Oh my bad then, sorry about that
I got an error in basic_train.py line 270 because it is not recognizing table=True
,changing the code to remove this from the call, solves the problem.
Is it a bug?
Another potential bug:
When I create a DataBunch from a TensorDataset, as in lesson 5, and then try creating an ClassificationInterpretation
, it breaks.
interp = ClassificationInterpretation.from_learner(learn)
interp.plot_top_losses(9, figsize=(7,7))
---------------------------------------------------------------------------
AttributeError Traceback (most recent call last)
<ipython-input-33-f4ec02bb4041> in <module>()
1 interp = ClassificationInterpretation.from_learner(learn)
----> 2 interp.plot_top_losses(9, figsize=(7,7))
~/Code/fastai/fastai/vision/learner.py in plot_top_losses(self, k, largest, figsize)
96 "Show images in `top_losses` along with their prediction, actual, loss, and probability of predicted class."
97 tl_val,tl_idx = self.top_losses(k,largest)
---> 98 classes = self.data.classes
99 rows = math.ceil(math.sqrt(k))
100 fig,axes = plt.subplots(rows,rows,figsize=figsize)
~/Code/fastai/fastai/basic_data.py in __getattr__(self, k)
99 return cls(*dls, path=path, device=device, tfms=tfms, collate_fn=collate_fn)
100
--> 101 def __getattr__(self,k:int)->Any: return getattr(self.train_dl, k)
102 def dl(self, ds_type:DatasetType=DatasetType.Valid)->DeviceDataLoader:
103 "Returns appropriate `Dataset` for validation, training, or test (`ds_type`)."
~/Code/fastai/fastai/basic_data.py in __getattr__(self, k)
22
23 def __len__(self)->int: return len(self.dl)

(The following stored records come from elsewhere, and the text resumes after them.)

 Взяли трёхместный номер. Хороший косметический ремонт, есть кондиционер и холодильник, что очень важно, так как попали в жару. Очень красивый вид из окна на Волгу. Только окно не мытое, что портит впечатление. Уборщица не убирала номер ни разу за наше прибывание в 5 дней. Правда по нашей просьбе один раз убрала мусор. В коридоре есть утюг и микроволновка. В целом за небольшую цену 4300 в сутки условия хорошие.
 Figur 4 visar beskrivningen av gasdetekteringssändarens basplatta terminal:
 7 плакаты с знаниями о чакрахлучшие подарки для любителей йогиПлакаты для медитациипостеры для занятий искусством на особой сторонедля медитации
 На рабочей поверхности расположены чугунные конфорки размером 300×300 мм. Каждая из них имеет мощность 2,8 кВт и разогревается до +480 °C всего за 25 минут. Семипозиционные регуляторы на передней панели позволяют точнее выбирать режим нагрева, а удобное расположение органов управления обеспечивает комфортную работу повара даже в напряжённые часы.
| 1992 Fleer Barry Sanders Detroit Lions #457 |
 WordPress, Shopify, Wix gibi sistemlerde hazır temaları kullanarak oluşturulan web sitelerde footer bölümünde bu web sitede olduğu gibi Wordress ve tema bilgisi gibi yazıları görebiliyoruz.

---> 24 def __getattr__(self,k:str)->Any: return getattr(self.dl, k)
25
26 @property
~/Code/fastai/fastai/basic_data.py in DataLoader___getattr__(dl, k)
6 __all__ = ['DataBunch', 'DeviceDataLoader', 'DatasetType']
7
----> 8 def DataLoader___getattr__(dl, k:str)->Any: return getattr(dl.dataset, k)

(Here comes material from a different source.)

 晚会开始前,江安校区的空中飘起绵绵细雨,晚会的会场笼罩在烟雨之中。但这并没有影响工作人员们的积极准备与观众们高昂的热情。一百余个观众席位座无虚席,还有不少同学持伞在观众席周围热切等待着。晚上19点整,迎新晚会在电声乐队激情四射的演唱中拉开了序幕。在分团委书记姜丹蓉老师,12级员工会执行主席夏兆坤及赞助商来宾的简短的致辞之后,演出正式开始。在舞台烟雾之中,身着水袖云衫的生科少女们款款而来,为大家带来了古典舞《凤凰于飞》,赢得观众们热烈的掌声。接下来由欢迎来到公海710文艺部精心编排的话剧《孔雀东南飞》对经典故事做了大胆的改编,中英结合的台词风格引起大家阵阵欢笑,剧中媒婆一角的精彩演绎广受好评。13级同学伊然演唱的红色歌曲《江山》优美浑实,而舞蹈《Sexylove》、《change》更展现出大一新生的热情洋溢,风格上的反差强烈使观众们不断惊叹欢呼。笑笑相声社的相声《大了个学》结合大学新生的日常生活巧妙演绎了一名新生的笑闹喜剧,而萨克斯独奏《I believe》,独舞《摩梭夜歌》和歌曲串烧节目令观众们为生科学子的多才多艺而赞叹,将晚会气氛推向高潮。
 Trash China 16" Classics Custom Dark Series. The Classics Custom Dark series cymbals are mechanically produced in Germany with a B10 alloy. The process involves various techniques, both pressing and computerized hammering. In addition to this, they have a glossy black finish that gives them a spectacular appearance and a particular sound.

9 DataLoader.__getattr__ = DataLoader___getattr__
10
AttributeError: 'TensorDataset' object has no attribute 'classes'
That conversation has already been had on another topic, if you’re not using fastai to create your dataset, don’t expect all fastai functionalities to work on it. Here the problem is that your TensorDataset
doesn’t have the classes
attribute that ClassificationInterpretation
requires.
After experimenting a bit, and going back and forth, we finally settled on adding a MAJ token: each word that begins with a capital is lower cased (as before) but we add xxmaj in front of it to tell the model. It appears to help a little bit.

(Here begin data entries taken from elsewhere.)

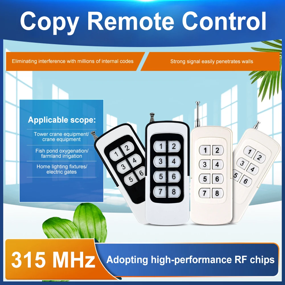2. Amplia compatibilidad:Nuestro duplicador de control remoto es ideal para grúas torre, grúas aéreas, aireadores de estanques, sistemas de riego agrícola, iluminación doméstica, Puertas Eléctricas y más. Nuestro control remoto de copia inteligente se puede utilizar en diversos entornos, proporcionando comodidad en diferentes industrias.
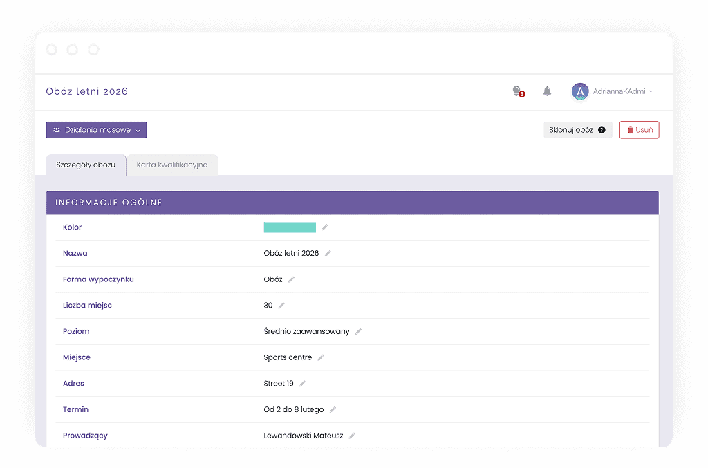 - Masowe wysyłanie wiadomości do uczestników obozów i innych wydarzeń
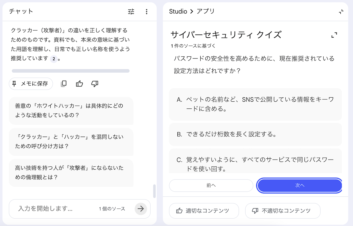 | クイズ | ソースの内容に基づいて、理解度を確認するための問題(選択式や記述式など)を作成します。 | |
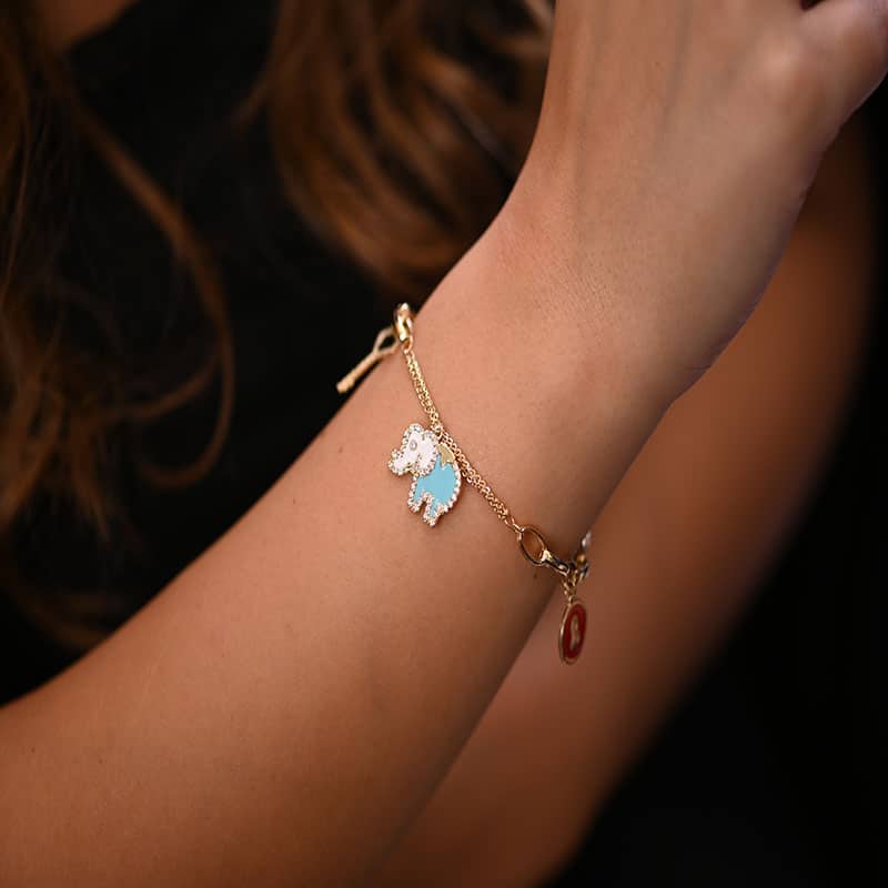 أنسيال ذهب عيار 18، بتصميم يحمل تعليقات متنوعة متدلية علي شكل فيل في المنتصف.

There is a new pretrained model to match that change: you’ll find it in URLs.WT103_1
The text example notebook has been updated to use it (and went from 79% to 84.5% accuracy in the process!)
Sorry, I didn’t see the question in another topic before posting here.
A lot of stuff aimed at unifying the API accross applications just merged:
- every type of items now has a
reconstruct
method that does the opposite of.data
: taking the tensor data and creating the object back. -
show_batch
has been internally modified to actually grab a batch then showing it. -
show_results
now works across applications. - introducing
data.export()
that will save the internal information (classes, vocab in text, processors in tabular etc) need for inference in a file named ‘export.pkl’. You can then create anempty_data
object by usingDataBunch.load_empty(path)
(wherepath
points to where this ‘export.pkl’ file is). This also works across applications.
Breaking change:
As a result ImageDataBunch.single_from_classes
has been removed as the previous method is more general.
Awesome! Sylvain can you point me to the scripts you are using to create the pre-trained model, I’d like to see if I can get some improvements using BiLM training and qrnn.